Railway station in County Donegal, Ireland

Carndonagh railway station is a disused station that served the town of Carndonagh and surrounding area in County Donegal, Ireland. It was the terminal station on the branch line of the Londonderry and Lough Swilly Railway Line that served the northern part of the Inishowen peninsula. This extension was known as the Buncrana to Carndonagh branch line, and measured 18.5 miles. The line was sometimes also known as the Carndonagh extension.

== History ==
Construction of the extension line from Buncrana to Carndonagh started in May 1899. A ceremony marking the beginning of work was held in the Carndonagh on May 23, 1899. Lady Balfour, wife of the chief secretary of Ireland, "cut the first sod". Lord Balfour also attended the event, along with Mr Thomas Robertson, chairman of the Irish Board of Works. The previous night there was a torch light procession and bonfire celebration in the town. During the festivities, a tar barrel fell on two children, killing one and severely burning the other. In his opening remarks, Lord Balfour expressed his regret for the accident.

The station opened on 1 July 1901. The Londonderry and Lough Swilly Railway provided passenger services and goods transportation from their Londonderry Graving Dock station to Buncrana and northwards to Clonmany, Ballyliffin and Carndonagh. When the Carndonagh Extension was opened, there were seven weekday trains to Buncrana, of which the 6.30 and 11.50 a.m. and 4.30 p.m. were extended to the Carndonagh. Two all-station trains ran to Carndonagh and back on Sundays. In 1901, the published timetable anticipated that the journey from Londonderry to Carndonagh would take two hours and ten minutes.

During the Irish Civil War, the Free State Army used the Buncrana to Carndonagh extension to transport troops and gain control of the North Inishowen. Services to the station were temporarily suspended in early July 1922, but were eventually restored after Free State Forces gained control of Carndonagh.

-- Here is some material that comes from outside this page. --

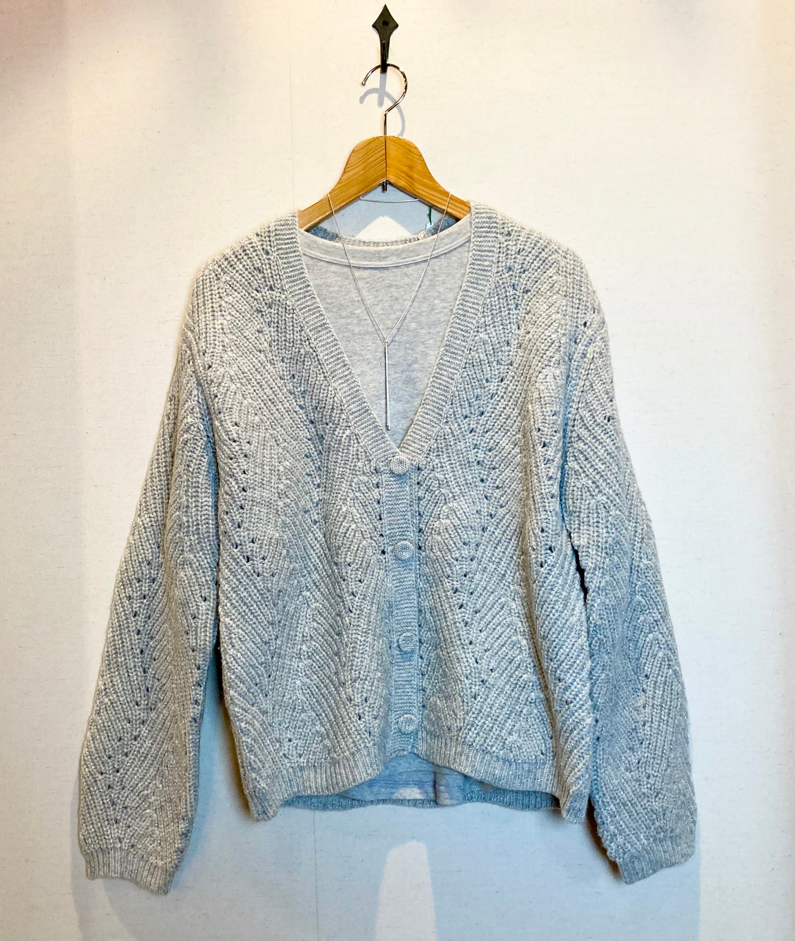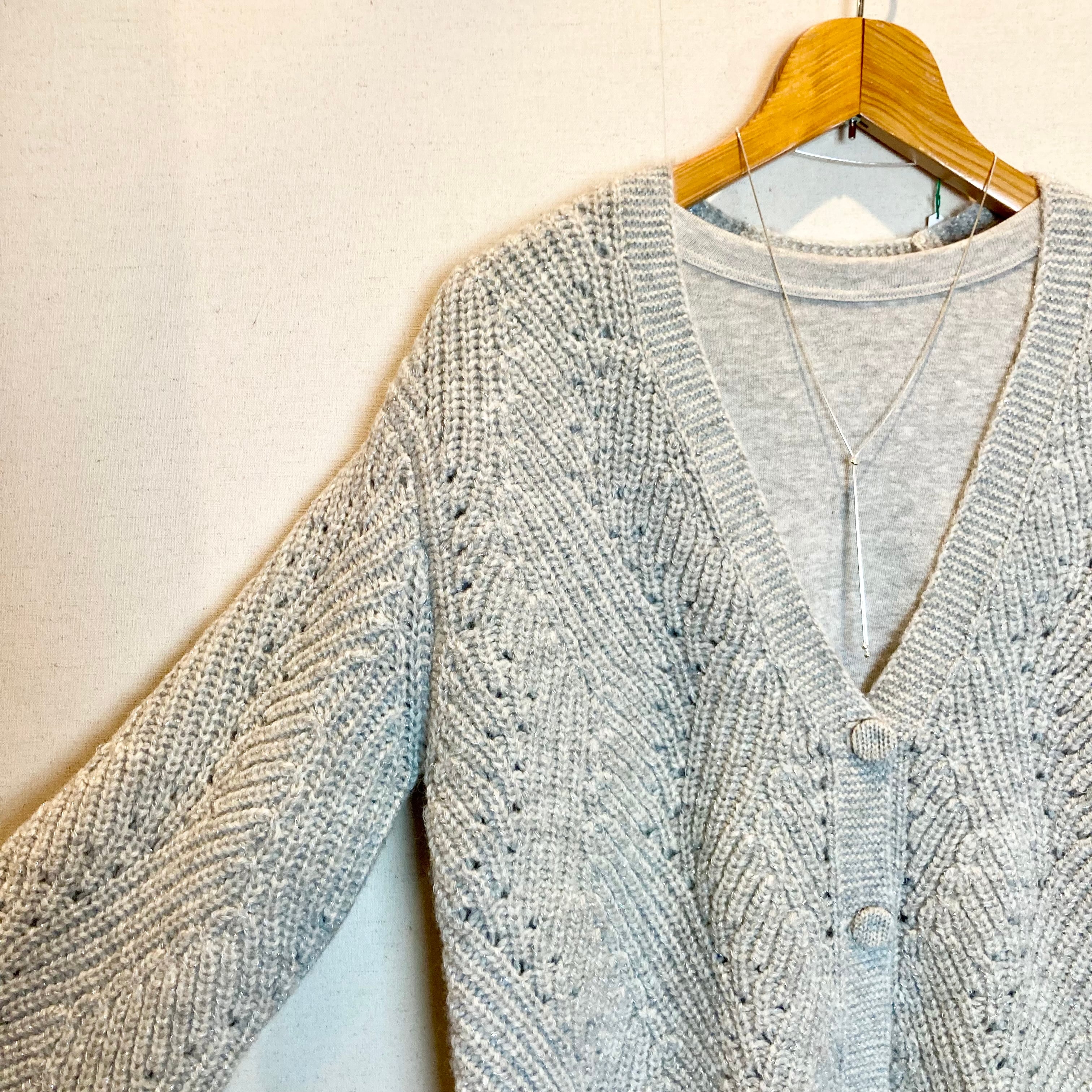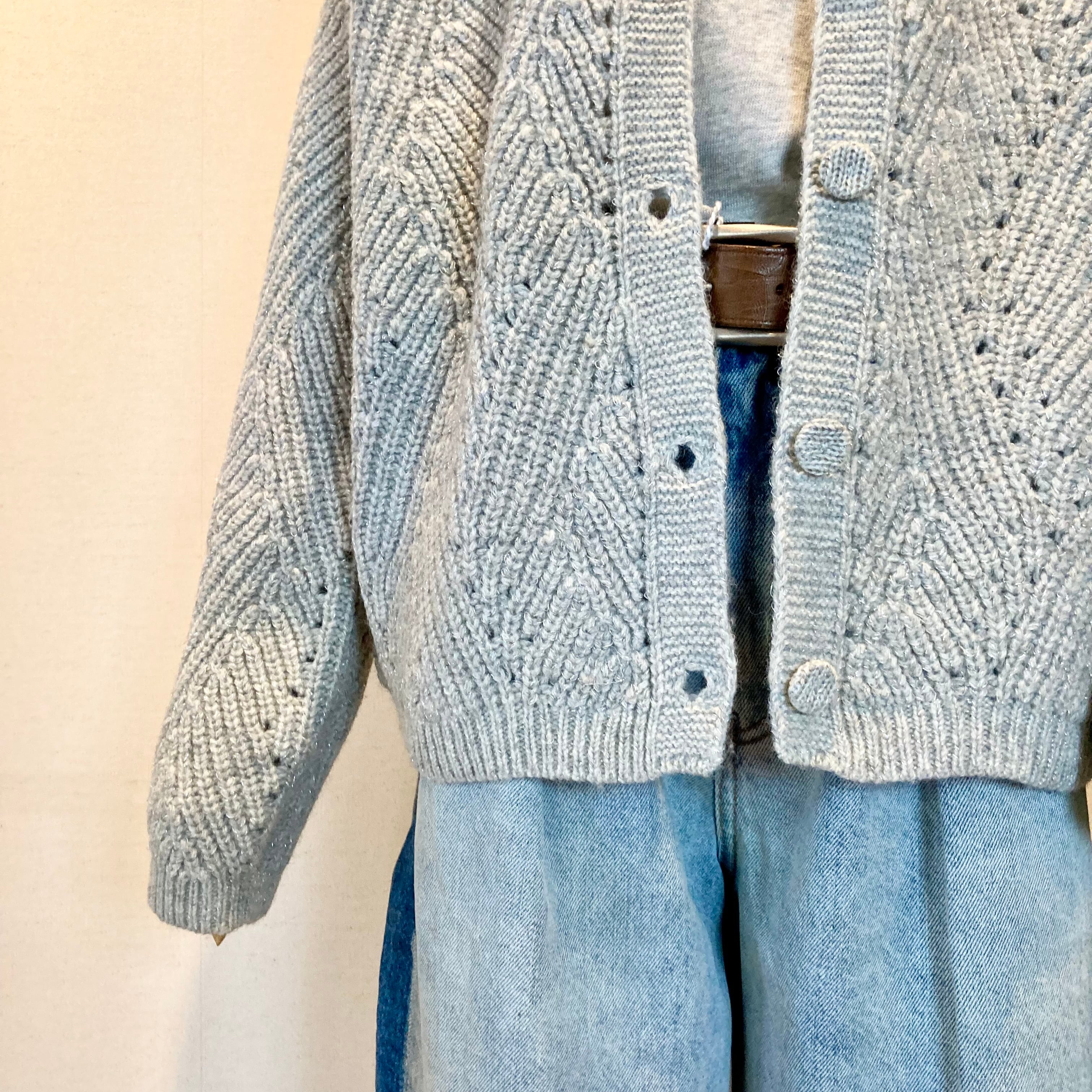 ざっくりと編み込まれたVネックのニットカーディガン…

The Clonmany local councillor - John McCarron - was assaulted at the station. He was returning home from a District Board meeting held in Carndonagh on February 1, 1909. As he tried to enter a train carriage, McCarron was confronted by John Doherty (Roe) of Buncrana. Doherty wanted to prevent access to the carriage in order to play a card game with colleagues. Doherty hit McCarron in the face, causing McCarron's mouth to bleed and loosen a tooth. Doherty had previous convictions for drunkenness, using obscene language and obstruction. The local magistrate bound over Doherty to keep the peace.

in 1917, Eamonn De Valera passed through the station, travelling to a political meeting in the town.

In April 1928, the midday Londonderry train collided with a horse and cart as it was traversing a level crossing about a mile from the railway station. The train destroyed the cart and severely mutilated the horse, which was subsequently put down. The rider, a boy called Neal Doherty, received minor injuries.

In February 1933, a large barrel, containing 160 lbs of yeast was seized by the authorities at the station. The barrel was described in the manifest as "apples" while the delivery address was fictitious. The consignment was almost certainly destined to be used for the illicit production of Poitín. At the time, ownership and use of yeast was highly regulated as part of the effort to clamp down on the illegal production of alcohol. The press described the seizure as the largest ever recorded in Inishowen.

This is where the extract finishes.